→ **Problem to work on**:
Set down the listing exactly as given, minus images.
START Data excerpt
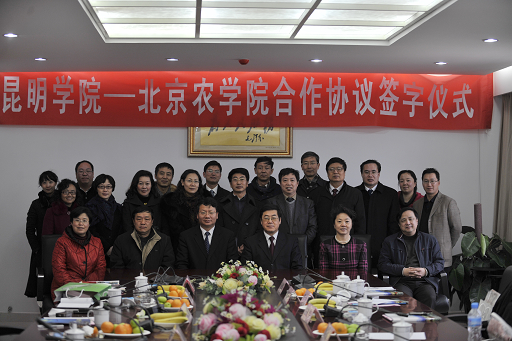 18日下午,beat365与昆明学院合作协议签字仪式在昆明学院办公楼311会议室隆重举行。签字仪式由昆明学院副校长熊晶主持。在双方各自介绍学校基本情况后,王校长进一步介绍了北京都市型现代农业发展和沟域经济,介绍了beat365在都市型农业教育和研究方面的做法和经验,希望两校在师资培训、共同开展科研项目、师生交流、都市农业建设与发展研讨及借鉴等方面取得实效。
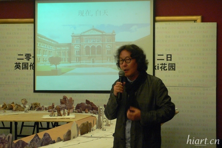 應(yīng)英國(guó)倫敦的維多利亞和阿爾伯特美術(shù)館(Victoria andAlbert Museum,簡(jiǎn)稱V&A美術(shù)館)的邀請(qǐng),徐冰在該美術(shù)館的中庭花園(John Madejski Garden)創(chuàng)作完成其近年來(lái)規(guī)模最大的作品之一。作品在花園的古典建筑及倫敦工業(yè)文明的都市背景下,選擇中國(guó)的山石與陶瓷來(lái)造景完成。徐冰認(rèn)為,在中國(guó)傳統(tǒng)文化中,盆景寄托了中國(guó)文人對(duì)于自然中有限美感資源的無(wú)限想象。中國(guó)傳統(tǒng)文人畫(huà)中,以石勢(shì)見(jiàn)山,以花草見(jiàn)自然。徐冰從中國(guó)各地選擇8種不同的山石作為裝置的主要材料,其分別對(duì)位于傳統(tǒng)繪畫(huà)中山石的畫(huà)法。但又有意選擇扁平形狀的山石,制造出介于二維繪畫(huà)與現(xiàn)實(shí)三維之間的“二維半”效果。不難看出,徐冰以一種理想主義的議題對(duì)中國(guó)傳統(tǒng)繪畫(huà)及文化精神的深度討論。“有立有破”,在發(fā)布會(huì)現(xiàn)場(chǎng),徐冰表示,在如此巨型的裝置中,完成石頭的擺放絕非易事,在遭遇瓶頸時(shí),他會(huì)回到傳統(tǒng)山水繪畫(huà)中尋找靈感。
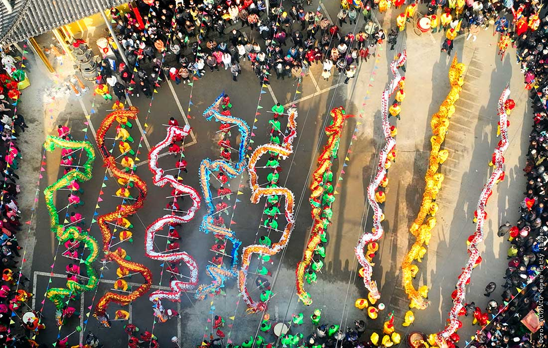Жители деревни исполняют танец дракона в китайском Тайчжоу
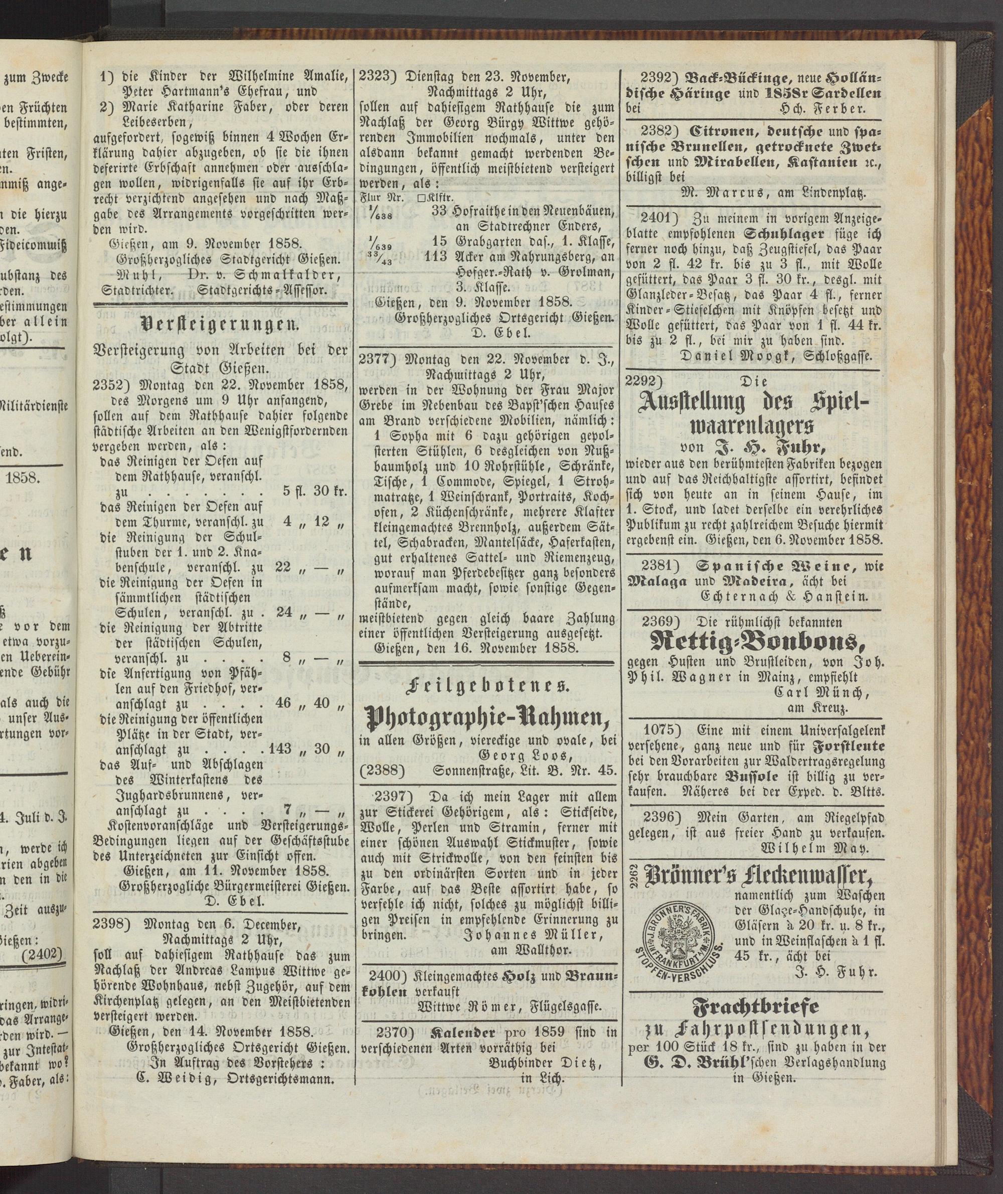 Anzeigeblatt für die Provinzialhauptstadt Gießen. 1840-1867
END Data excerpt
→ **Response box**:
 18日下午,beat365与昆明学院合作协议签字仪式在昆明学院办公楼311会议室隆重举行。签字仪式由昆明学院副校长熊晶主持。在双方各自介绍学校基本情况后,王校长进一步介绍了北京都市型现代农业发展和沟域经济,介绍了beat365在都市型农业教育和研究方面的做法和经验,希望两校在师资培训、共同开展科研项目、师生交流、都市农业建设与发展研讨及借鉴等方面取得实效。
 應(yīng)英國(guó)倫敦的維多利亞和阿爾伯特美術(shù)館(Victoria andAlbert Museum,簡(jiǎn)稱V&A美術(shù)館)的邀請(qǐng),徐冰在該美術(shù)館的中庭花園(John Madejski Garden)創(chuàng)作完成其近年來(lái)規(guī)模最大的作品之一。作品在花園的古典建筑及倫敦工業(yè)文明的都市背景下,選擇中國(guó)的山石與陶瓷來(lái)造景完成。徐冰認(rèn)為,在中國(guó)傳統(tǒng)文化中,盆景寄托了中國(guó)文人對(duì)于自然中有限美感資源的無(wú)限想象。中國(guó)傳統(tǒng)文人畫(huà)中,以石勢(shì)見(jiàn)山,以花草見(jiàn)自然。徐冰從中國(guó)各地選擇8種不同的山石作為裝置的主要材料,其分別對(duì)位于傳統(tǒng)繪畫(huà)中山石的畫(huà)法。但又有意選擇扁平形狀的山石,制造出介于二維繪畫(huà)與現(xiàn)實(shí)三維之間的“二維半”效果。不難看出,徐冰以一種理想主義的議題對(duì)中國(guó)傳統(tǒng)繪畫(huà)及文化精神的深度討論。“有立有破”,在發(fā)布會(huì)現(xiàn)場(chǎng),徐冰表示,在如此巨型的裝置中,完成石頭的擺放絕非易事,在遭遇瓶頸時(shí),他會(huì)回到傳統(tǒng)山水繪畫(huà)中尋找靈感。
Жители деревни исполняют танец дракона в китайском Тайчжоу
 Anzeigeblatt für die Provinzialhauptstadt Gießen. 1840-1867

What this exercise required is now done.